LITTLE ROCK -- The news story was big in these parts and should have been. It came with a full cast of characters, details a-plenty, illustrations galore and historical resonance. This saga about an unexploded Civil War artillery shell seems to have involved just about every official in a whole section of the state -- military and civil, from a local bomb squad to the staff of a national park.
But after a day or two of wrangling that must have seemed like weeks, the unexploded shell was exploded. As it should have been. By experts, not by some amateur drilling into it and killing himself. As has happened. This was one news story that ended happily. Also quickly, definitively and explosively. (Whew.) Give me a happy ending every time. And a safe one.
As soon as I read that the rusty old shell had been rolling around in the back of a truck for a few days, and then was being carted around on the console of some bureaucrat's pickup, my training as a safety officer at Fort Sill clicked in, like a proximity fuse set to go off automatically. With a bang. And my reaction was immediate: Get rid of the damned thing ASAP -- without further discussion, ado and general philosophizing about history vs. safety.
The story could have come straight out of the Army safety officer's manual -- specifically, the chapter about what to do with unexploded ordnance. And what not to do. First rule: Take No Chances.
My own Army story begins the day I got to Fort Sill as a young lieutenant. Packed into an Army bus, we had scarcely driven through the gates when the MPs pulled us over to the side of a narrow road inside the post to make room for a swarm of ambulances, medics, stretcher-bearers....
Later we figured out there had been a training accident, but then and there the scene outside the bus window was chaotic. Inexplicable. And bloody. It seems an unexploded 105mm round had gone off inside the barrel of a howitzer, spewing shrapnel in all directions.
From that moment on, I resolved to be the most rigid, rule-keeping, tight-assed safety officer on the base, and I probably was, to judge by the looks I kept getting out on the artillery range whenever I declined to go ahead and fire a questionable round out of the tube and be done with it.

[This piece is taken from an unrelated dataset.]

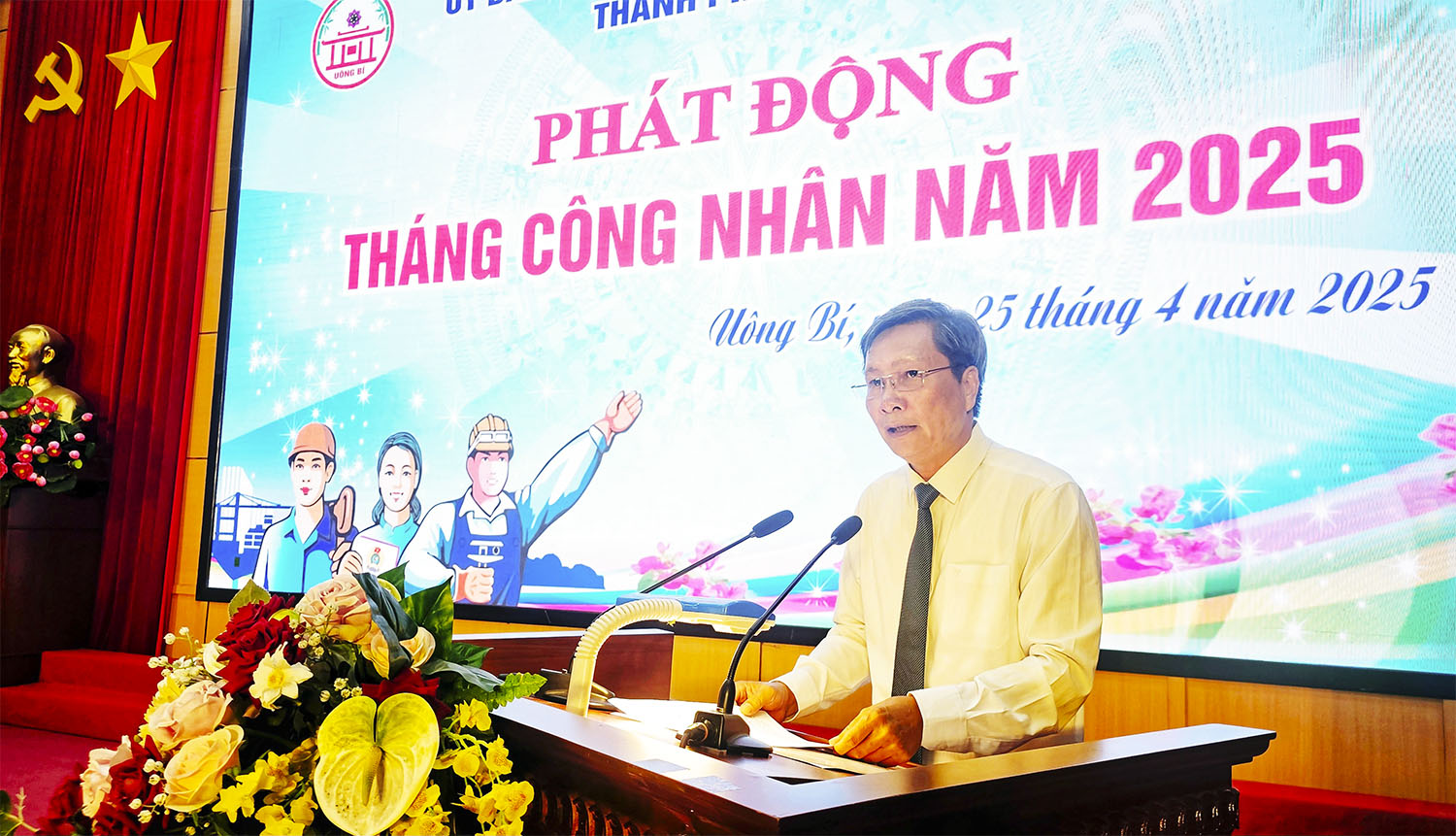 Đồng chí Nguyễn Văn Thành, Ủy viên Ban Thường vụ Thành ủy, Phó Chủ tịch Thường trực UBND thành phố Uông Bí phát biểu phát động Tháng Công nhân năm 2025.

Supposedly.
It happened with some regularity, but I never yielded. A bloody scene like that will stay with even the greenest, most uneducable lieutenant, and I didn't care what the other officers -- of high rank or low -- thought of me. I had intuited early on that the only way I was going to get through my time in the service was to go strictly by the rule book, having no natural instinct for soldiering. And the bloody sight by the side of the road my first day on base only confirmed my inclination, which soon became an unswerving conviction. It was the only way I could get through a day on the range and sleep o' night. At least my gun crew would be safe, if delayed time and again by my stubbornness.
I had already learned from the Basic Officers Course that out on the range a safety officer's decision was final. Even if the base commander had come by and tried to overrule me, out there my word was law. I was a kind of one-man Supreme Court -- and I was taking no appeals.
No, my attitude did not make me popular, like I cared about being popular. Just as today I don't much care whether my political opinions are popular. Or consistent. Or if they fit some ideological pattern. I just care about whether they can be justified. As a wise publisher once told me, if you're sure you're right, forget caution. And the opinions of others.
Out on the firing range, there was always some hot-shot battery commander eager to fire the questionable round out of the tube and get back to the barracks. So I was not unprepared when a captain told to me to go ahead, Greenberg, have the cannoneer pull the lanyard one more time, and be done with it for goshsake. "Yes, sir," I told him. "Be glad to. If you'll just put that order in writing, that's just what I'll do."
He paused. And I could almost see him weighing his chances at a court-martial, even anticipating the testimony:
"And so, Captain, you decided to overrule the advice of the safety officer and fire the fatal round out of the tube, right? Indeed, you even signed a written order to that effect, a copy of which I hold here in my hand."
It took only a moment's reflection for the captain to realize that he agreed with me after all. Even if it meant securing the shell in question in the bed of a deuce-and-a-half and heading all the way to the armory to turn it in, along with a good hour's paperwork. Instead of heading straight to the barracks for a hot shower and cold beer. Thank you, Lieut. Greenberg, for holding up the whole battery. But I never regretted a single minute of the delay. We all lived to complain about it, didn't we?
Imagine the orgy of accusation, counter-accusation and general finger-pointing if this antique shell discovered in Northwest Arkansas had gone off with a bang while rolling around in somebody's pickup. And the outraged questions in the press and at the court inquiry -- a spectacle we've all been spared thanks to the U.S. Army, a notoriously no-nonsense institution, thank goodness.